Try it
Omit every picture and output the rest of the records exactly as they are.

Provided records
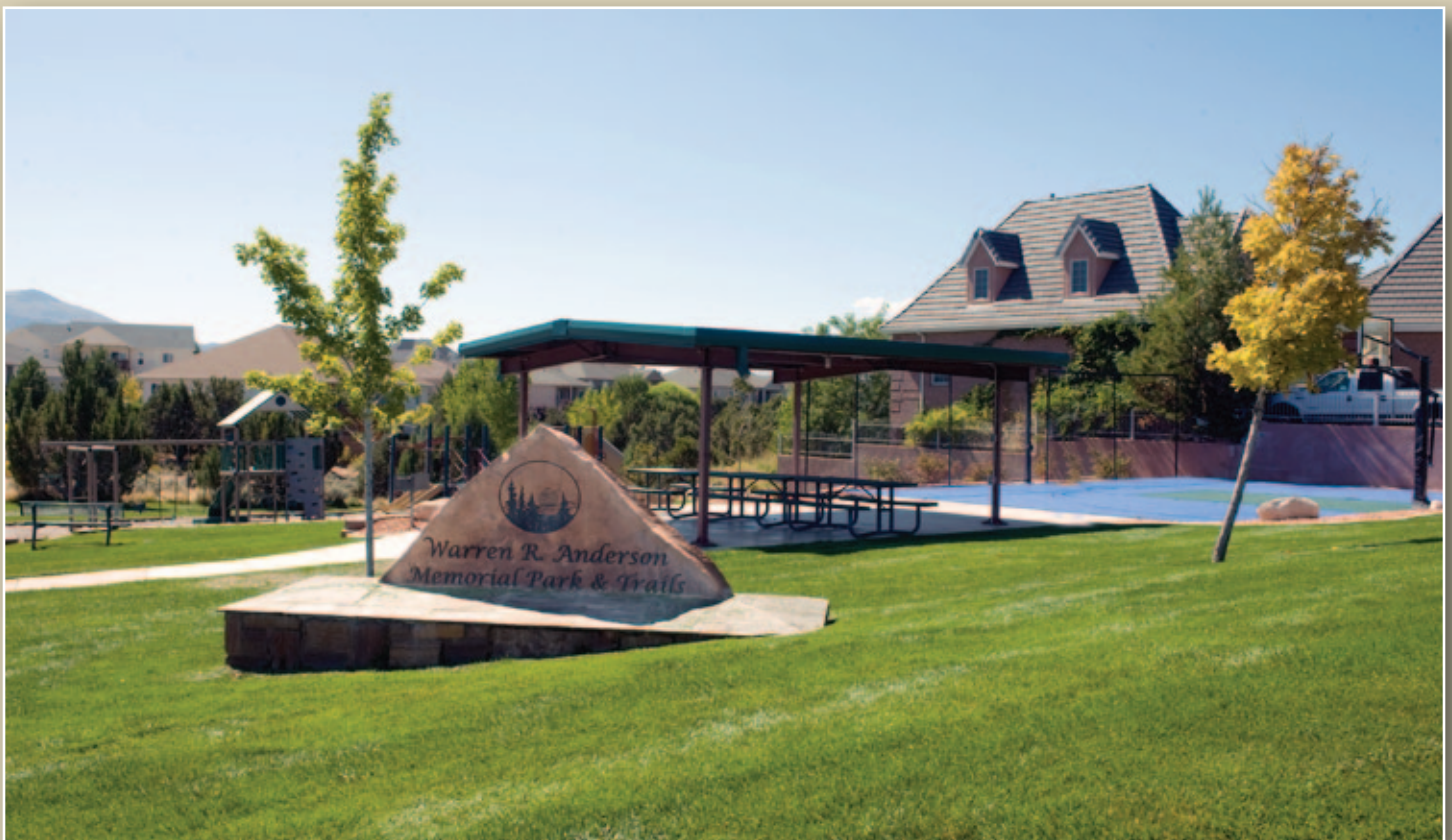
Private Park with Sport Court, Pavilion & Tot Lot
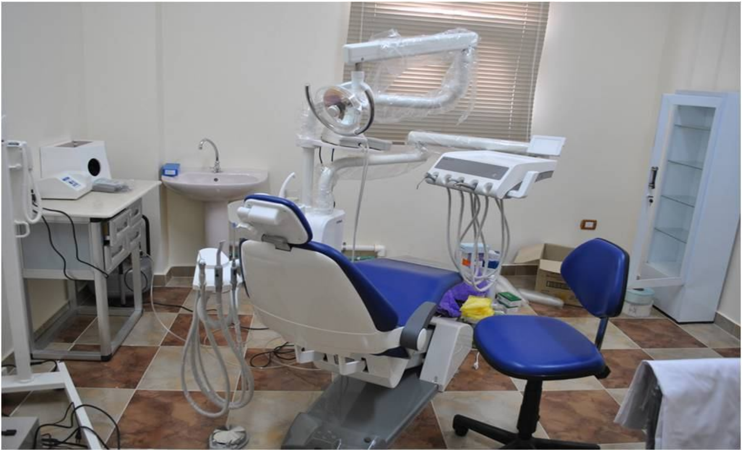
(A picture for the dental clinic)
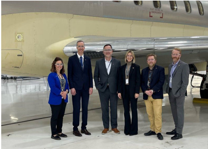
Bombardier Defense Challenger 650.
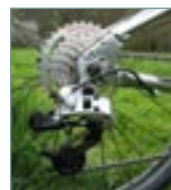
(Above) Correctly sized cranks! (Below) An 11-34T 8-speed cassette gives a wide, user-friendly gear range
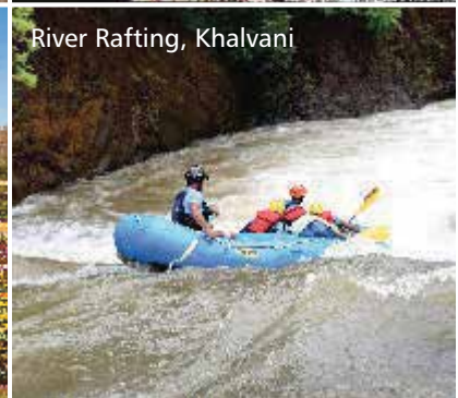
River Rafting, Khalvani
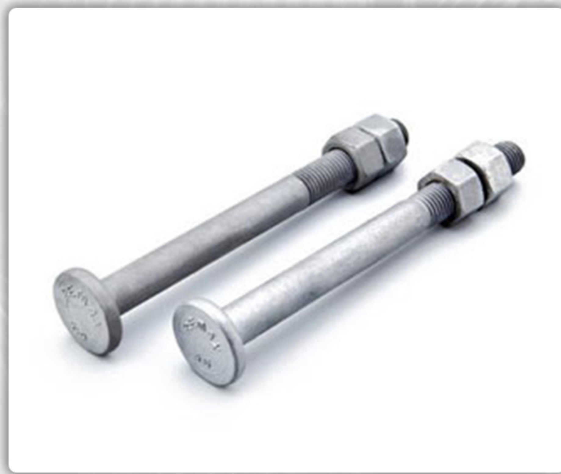
» STEP BOLTS

Exercise solution
Private Park with Sport Court, Pavilion & Tot Lot
(A picture for the dental clinic)
Bombardier Defense Challenger 650.
(Above) Correctly sized cranks! (Below) An 11-34T 8-speed cassette gives a wide, user-friendly gear range
River Rafting, Khalvani
» STEP BOLTS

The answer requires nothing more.